Esto suena bien: por este camino parece
posible que el mensaje de Cristo sea aceptado finalmente por todos sin tener
que evangelizar las otras religiones. Su palabra parece haber adquirido, por
fin, un contenido práctico y, de este modo, da la impresión de que la
construcción del «reino» se ha convertido en una tarea común y, según parece,
más cercana. Pero, examinando más atentamente la cuestión, uno queda perplejo:
¿Quién nos dice lo que es propiamente la justicia? ¿Qué es lo que sirve
concretamente a la justicia? ¿Cómo se construye la paz? A decir verdad, si se
analiza con detenimiento el razonamiento en su conjunto, se manifiesta como una
serie de habladurías utópicas, carentes de contenido real, a menos que el
contenido de estos conceptos sean en realidad una cobertura de doctrinas de
partido que todos deben aceptar.
Pero lo más importante es que por encima de
todo destaca un punto: Dios ha desaparecido, quien actúa ahora es solamente el
hombre. El respeto por las «tradiciones» religiosas es sólo aparente. En
realidad, se las considera como una serie de costumbres que hay que dejar a la
gente, aunque en el fondo no cuenten para nada. La fe, las religiones, son
utilizadas para fines políticos. Cuenta sólo la organización del mundo. La
religión interesa sólo en la medida en que puede ayudar a esto. La semejanza
entre esta visión postcristiana de la fe y de la religión con la tercera
tentación resulta inquietante.
Volvamos, pues, al Evangelio, al auténtico
Jesús. Nuestra crítica principal a esta idea secular-utópica del reino era:
Dios ha desaparecido. Ya no se le necesita e incluso estorba. Pero Jesús ha
anunciado el Reino de Dios, no otro reino cualquiera. Es verdad que Mateo habla
del «reino de los cielos», pero la palabra «cielo» es otro modo de nombrar a
«Dios», palabra que en el judaísmo se trataba de evitar por respeto al misterio
de Dios, en conformidad con el segundo mandamiento. Por tanto, con la expresión
«reino de los cielos» no se anuncia sólo algo ultraterreno, sino que se habla
de Dios, que está tanto aquí como allá, que trasciende infinitamente nuestro
mundo, pero que también es íntimo a él.
Hay que tener en cuenta también una importante
observación lingüística: la raíz hebrea malkut «es un nomen actionis y
significa —como también la palabra griega basileía— el ejercicio de la
soberanía, el ser soberano (del rey)» (Stuhlmacher I, p. 67). No se habla de un
«reino» futuro o todavía por instaurar, sino de la soberanía de Dios sobre el
mundo, que de un modo nuevo se hace realidad en la historia.
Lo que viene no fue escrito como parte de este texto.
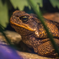 natural habitat. It's sitting on what appears to be a rock, surrounded by plants and possibly under some foliage, which could suggest it is hiding from predators or seeking shelter. This species of toad is characterized by its

Podemos decirlo de un modo más explícito:
hablando del Reino de Dios, Jesús anuncia simplemente a Dios, es decir, al Dios
vivo, que es capaz de actuar en el mundo y en la historia de un modo concreto,
y precisamente ahora lo está haciendo. Nos dice: Dios existe. Y además: Dios es
realmente Dios, es decir, tiene en sus manos los hilos del mundo. En este
sentido, el mensaje de Jesús resulta muy sencillo, enteramente teocéntrico. El
aspecto nuevo y totalmente específico de su mensaje consiste en que Él nos
dice: Dios actúa ahora; ésta es la hora en que Dios, de una manera que supera
cualquier modalidad precedente, se manifiesta en la historia como su verdadero
Señor, como el Dios vivo. En este sentido, la traducción «Reino de Dios» es
inadecuada, sería mejor hablar del «ser soberano de Dios» o del reinado de
Dios.
Pero ahora debemos intentar precisar algo más
el contenido del mensaje de Jesús sobre el «reino» desde el punto de vista de
su contexto histórico. El anuncio de la soberanía de Dios se funda —como todo
el mensaje de Jesús— en el Antiguo Testamento, que Él lee en su movimiento
progresivo que va desde los comienzos con Abraham hasta su hora como una
totalidad, y que —precisamente cuando se capta la globalidad de este
movimiento— lleva directamente a Jesús.
Tenemos en primer lugar los llamados Salmos de
entronización, que proclaman la soberanía de Dios (YHWH), una soberanía
entendida en sentido cósmico-universal y que Israel acepta con actitud de
adoración (cf. Sal 47; 93; 96; 97; 98; 99). A partir del siglo VI, dadas las
catástrofes de la historia de Israel, la realeza de Dios se convierte en
expresión de la esperanza en el futuro. En el Libro de Daniel —estamos en el
siglo II antes de Cristo— se habla del ser soberano de Dios en el presente,
pero sobre todo nos anuncia una esperanza para el futuro, para la cual resulta
ahora importante la figura del «hijo del hombre», que es quien debe establecer
la soberanía. En el judaísmo de la época de Jesús encontramos el concepto de
soberanía de Dios en el culto del templo de Jerusalén y en la liturgia de las
sinagogas; lo encontramos en los escritos rabínicos y también en los
manuscritos de Qumrán. El judío devoto reza diariamente el Shemá Israel:
«Escucha, Israel: El Señor nuestro Dios es solamente uno. Amarás al Señor tu
Dios con todo el corazón, con toda el alma y con todas las fuerzas.» (Dt 6, 4;
11, 13; cf. Nm 15, 37-41). El rezo de esta oración se interpretaba como el
cargar con el yugo de la soberanía de Dios: no se trata sólo de palabras; quien
la recita acepta el señorío de Dios que, de este modo, a través de la acción
del orante, entra en el mundo, llevado también por él y determinando a través
de la oración su modo de vivir, su vida diaria; es decir, se hace presente en
ese lugar del mundo. Vemos así que la señoría de Dios, su soberanía sobre el
mundo y la historia, sobrepasa el momento, va más allá de la historia entera y
la trasciende; su dinámica intrínseca lleva a la historia más allá de sí misma.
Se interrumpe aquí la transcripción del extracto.